In 2023, McRae completed a series of four 200-mile and longer races that included the Cocodona 250, Tahoe 200, Bigfoot 200 and Moab 240. She won the women's race at the Moab 240 in 86 hours, 18 minutes and 33 seconds, capping the year-long project.

In 2026, McRae returned to long-distance racing after injury and finished the Cocodona 250, a 250-mile ultramarathon across Arizona.

== 2023 200-mile race series ==

McRae's 2023 season drew attention because she completed four 200-mile and longer races in a single year: Cocodona 250, Tahoe 200, Bigfoot 200 and Moab 240. Trail Runner reported that the year culminated in her Moab 240 win, and described the project as a test of mental endurance as much as physical durability. COROS also published an athlete feature on the project, describing it as a Grand Slam of 200-mile races.

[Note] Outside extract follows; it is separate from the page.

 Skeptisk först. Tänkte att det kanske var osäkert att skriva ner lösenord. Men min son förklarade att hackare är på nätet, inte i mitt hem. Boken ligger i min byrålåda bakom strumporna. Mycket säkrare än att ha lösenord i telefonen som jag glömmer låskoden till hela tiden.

Her Moab 240 win was also discussed in endurance-running media and podcasts, including the Choose Strong podcast, the Ali on the Run Show and The Adventure Jogger.

== Book and media work ==

In 2023, McRae published Choose Strong: The Choice That Changes Everything, a memoir and motivational book centered on endurance, grief, faith, family and mental resilience. Women's Running reviewed the book and described it as a work that connected McRae's athletic identity with emotional strength and personal history.

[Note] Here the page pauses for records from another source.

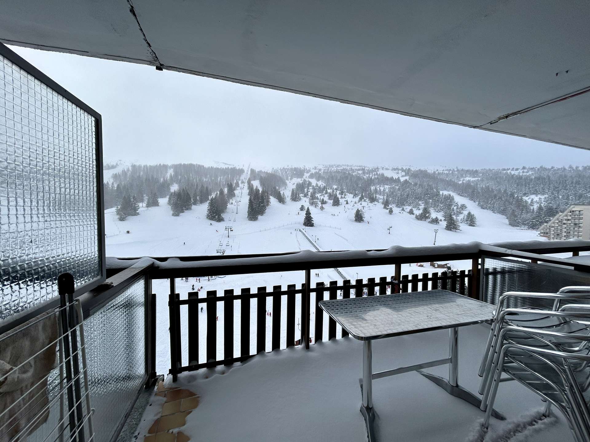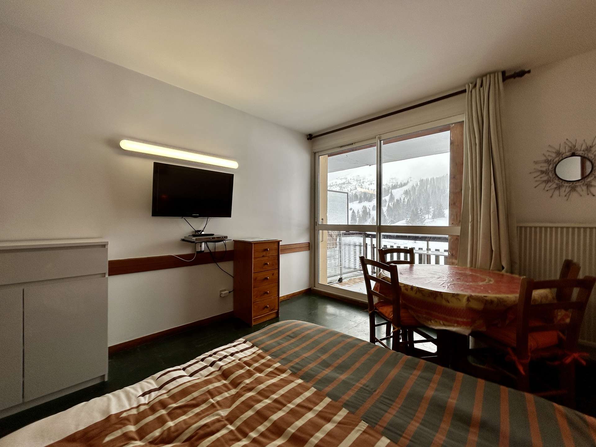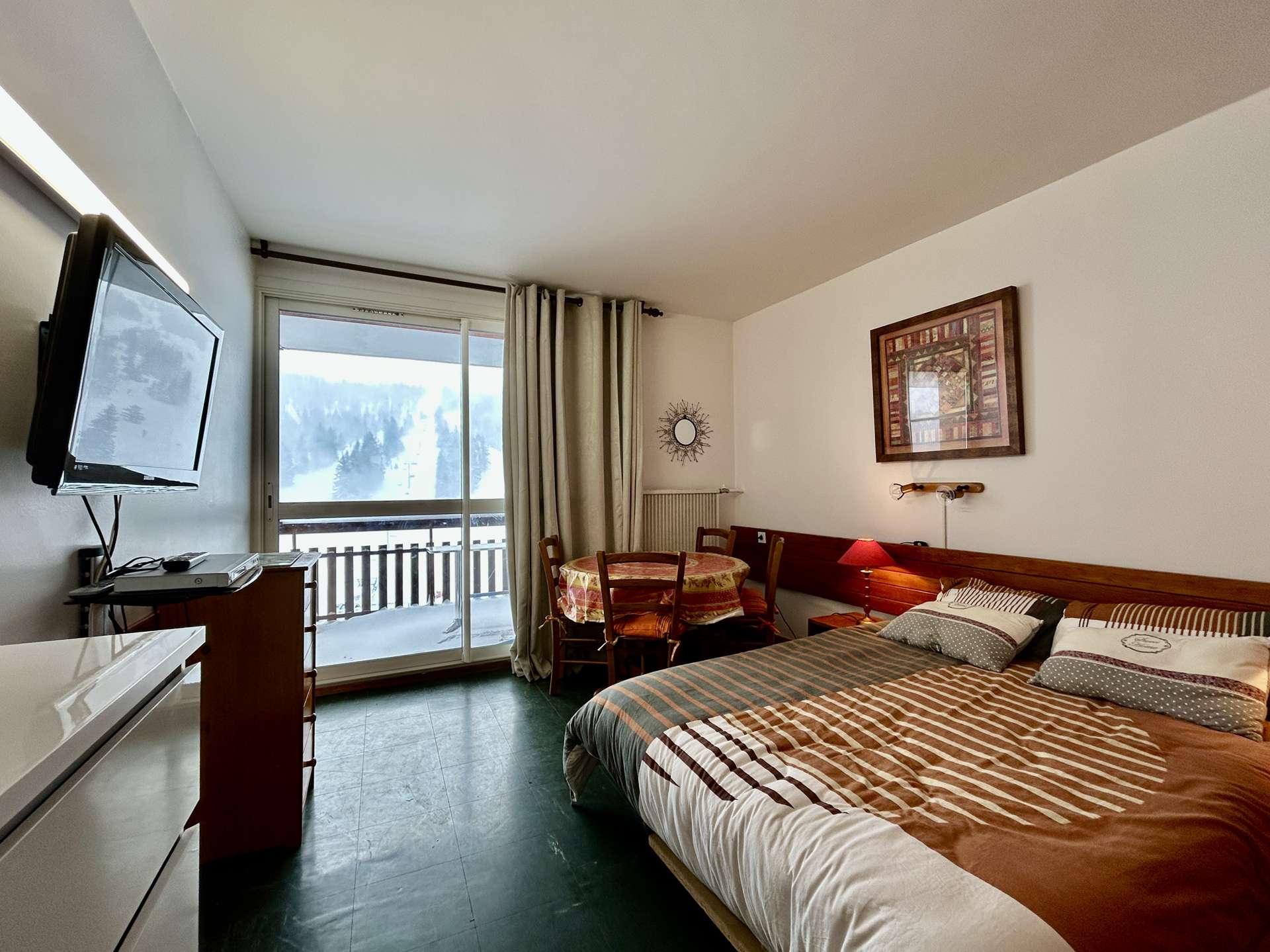The "Le Bois d'Aurouze" residence is ideally located, just 50 meters from the Le Jas chairlift. This mountain studio apartment is on the 10th floor of the residence. Facing southwest, it offers a magnificent view of the ski slopes.
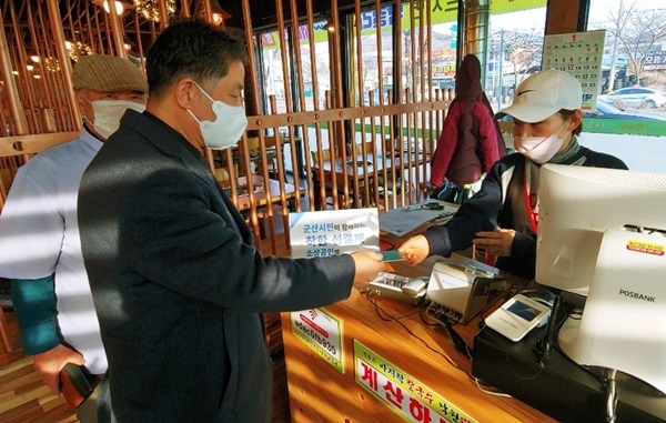 군산시 소룡동(동장 권은경)이 사회적 거리두기로 집합금지 및 영업제한을 받고 있는 관내 소상공인 지원을 위해 연초 ‘착한 선(先)결제 캠페인’을 진행해 눈길을 끌고 있다.
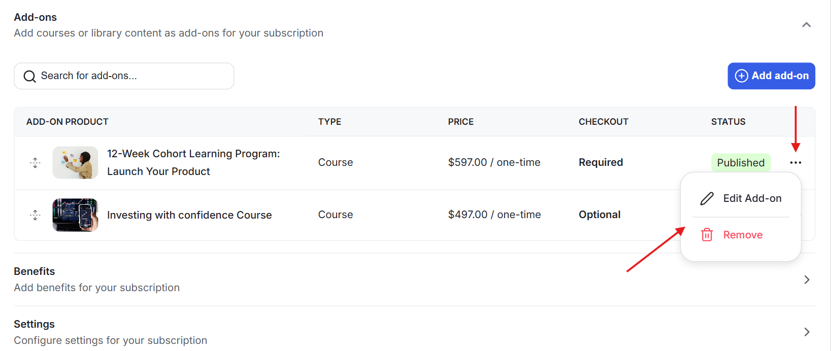 To update or remove an existing add-on, you need to access the product where it was created.
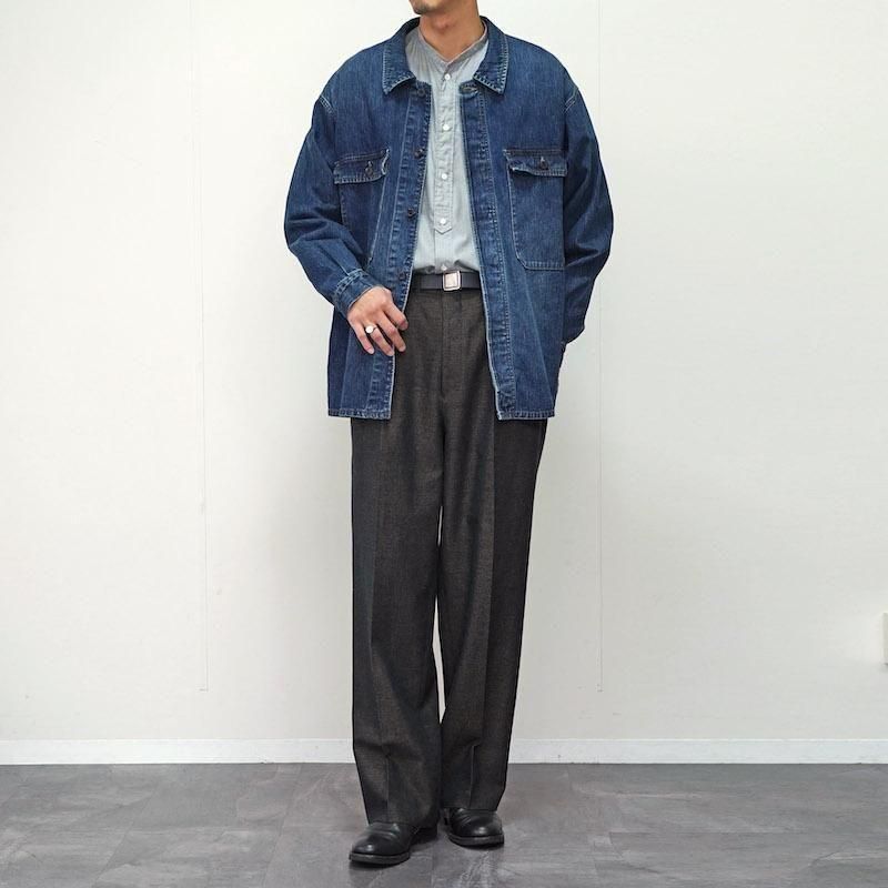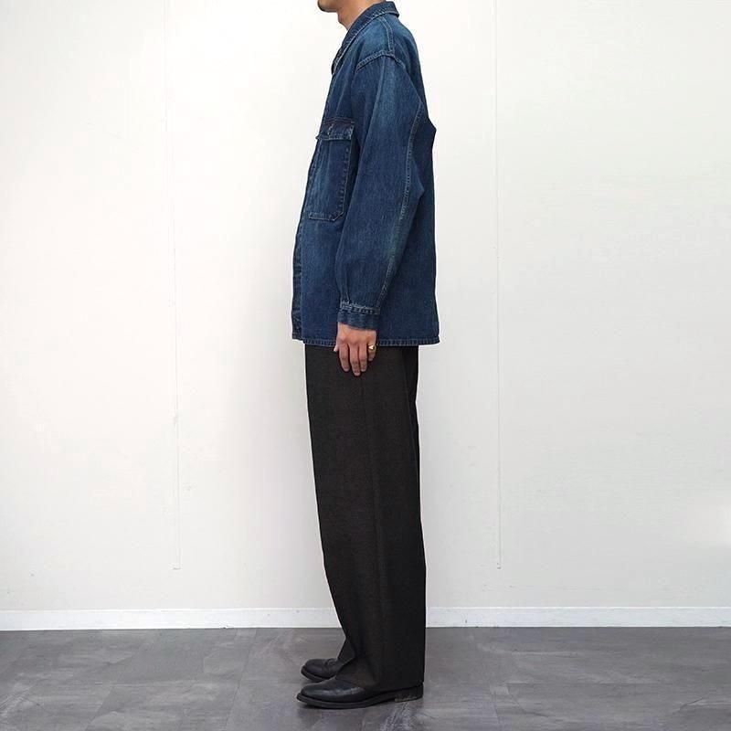 1950〜60年代のフランス海軍作業用ブルゾンをベースにデザインされた「VESTE BERMS」。 実用性を重視したワークウェアの構造を受け継ぎながら、OUTIL独自のパターンワークによって現代的に再構築。 縦糸をロープ染色(インディゴは天然藍)で色落ちを楽しめるように開発し、緯糸にはコットンとヘンプの混紡糸を打ち込んだOUTILオリジナルのデニム生地。 着用を重ねることで自然な色落ちを楽しめます。 コットンの柔らかさとヘンプのドライな質感が融合した、独特のハリと深みのある表情が特徴です。 フェード感など、手仕事による繊細な仕上げが加えられ、 まるでヴィンテージを着込んだような存在感を放ちます。 さらなる経年変化とともに自分だけの一着へと育てていける、OUTILらしい逸品です。 モデル身長184cm 体重64kg 着用サイズ3 SIZE(cm) 1:着丈76 肩幅51 身幅57 袖丈59 2:着丈78 肩幅53 身幅59 袖丈60 3:着丈79 肩幅55 身幅60 袖丈61 QUALITY COTTON84% HEMP16%

McRae also co-hosts the Choose Strong podcast with Eddie McRae. The podcast describes itself as focused on choosing strength over fear and includes race recaps, training discussions and personal reflections.

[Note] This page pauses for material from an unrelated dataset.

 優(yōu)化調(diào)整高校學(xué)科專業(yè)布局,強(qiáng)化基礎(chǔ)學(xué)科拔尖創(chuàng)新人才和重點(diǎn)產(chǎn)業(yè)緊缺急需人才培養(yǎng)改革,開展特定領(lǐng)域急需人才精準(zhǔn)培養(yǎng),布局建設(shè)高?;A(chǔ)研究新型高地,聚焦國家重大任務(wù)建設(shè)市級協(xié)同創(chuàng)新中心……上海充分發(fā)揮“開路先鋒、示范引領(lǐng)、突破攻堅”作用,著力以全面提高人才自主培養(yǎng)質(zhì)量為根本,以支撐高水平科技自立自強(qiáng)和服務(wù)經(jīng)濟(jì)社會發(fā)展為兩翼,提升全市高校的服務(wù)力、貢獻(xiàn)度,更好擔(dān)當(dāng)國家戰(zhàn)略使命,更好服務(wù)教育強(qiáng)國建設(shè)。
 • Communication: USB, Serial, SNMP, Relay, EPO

McRae has appeared in endurance-running films and video projects, including films documenting her 2022 "Choose Strong" race project and her 2023 Moab 240 run.

== Nike Trail sponsorship (2014–2026) ==

McRae was associated with Nike Trail for about a decade, beginning in the mid-2010s, until early-2026. In 2014, iRunFar described her as an Orange County-based runner and Nike Trail Team recruit after her second-place finish at the Sean O'Brien 50 Mile earned her entry into the Western States Endurance Run. By 2016, she was appearing internationally as a Nike Trail athlete, including in race media connected to Sciacchetrail in Cinque Terre, Italy.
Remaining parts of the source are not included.